(Given data)
--- START ---

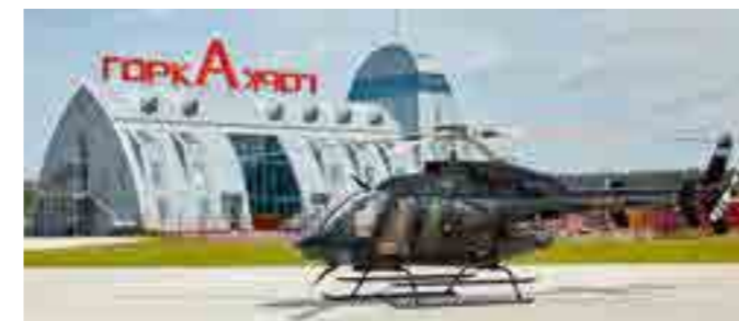
Вертодром «Горка», площадь 2600 м 2 , Московская обл.
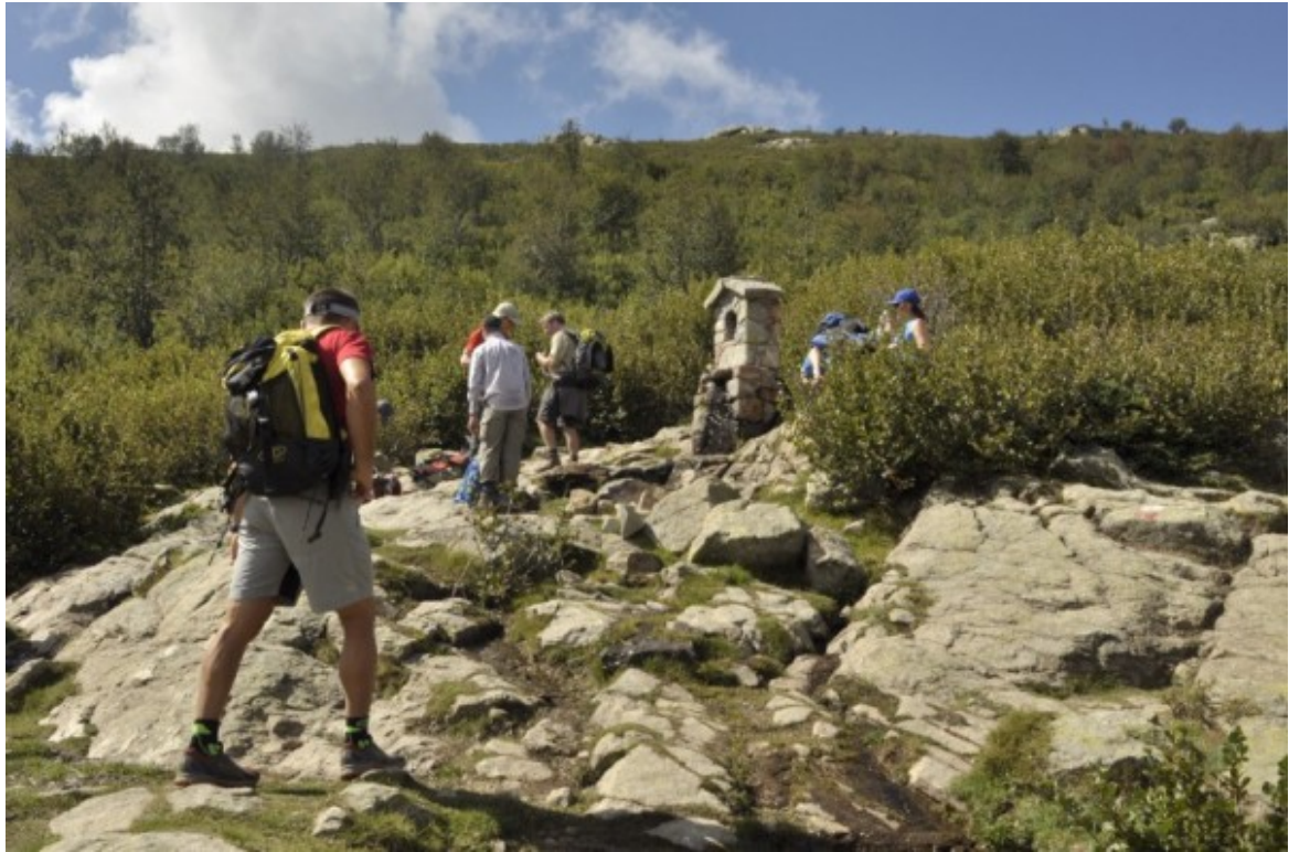
Le point d'eau avant la montée.
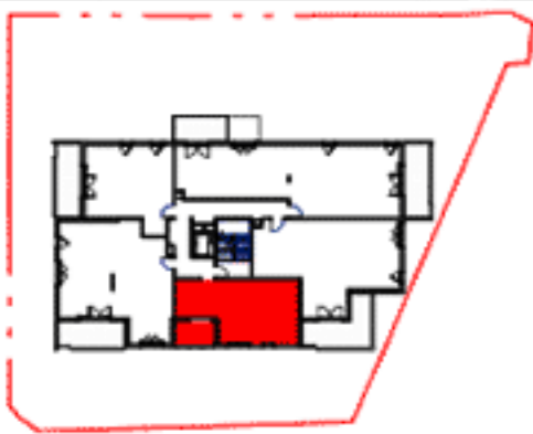
Tableau de Surface

--- END ---

(Task details) Set down the data above word for word, leaving every picture out.

(Solution for this problem)
Вертодром «Горка», площадь 2600 м 2 , Московская обл.
Le point d'eau avant la montée.
Tableau de Surface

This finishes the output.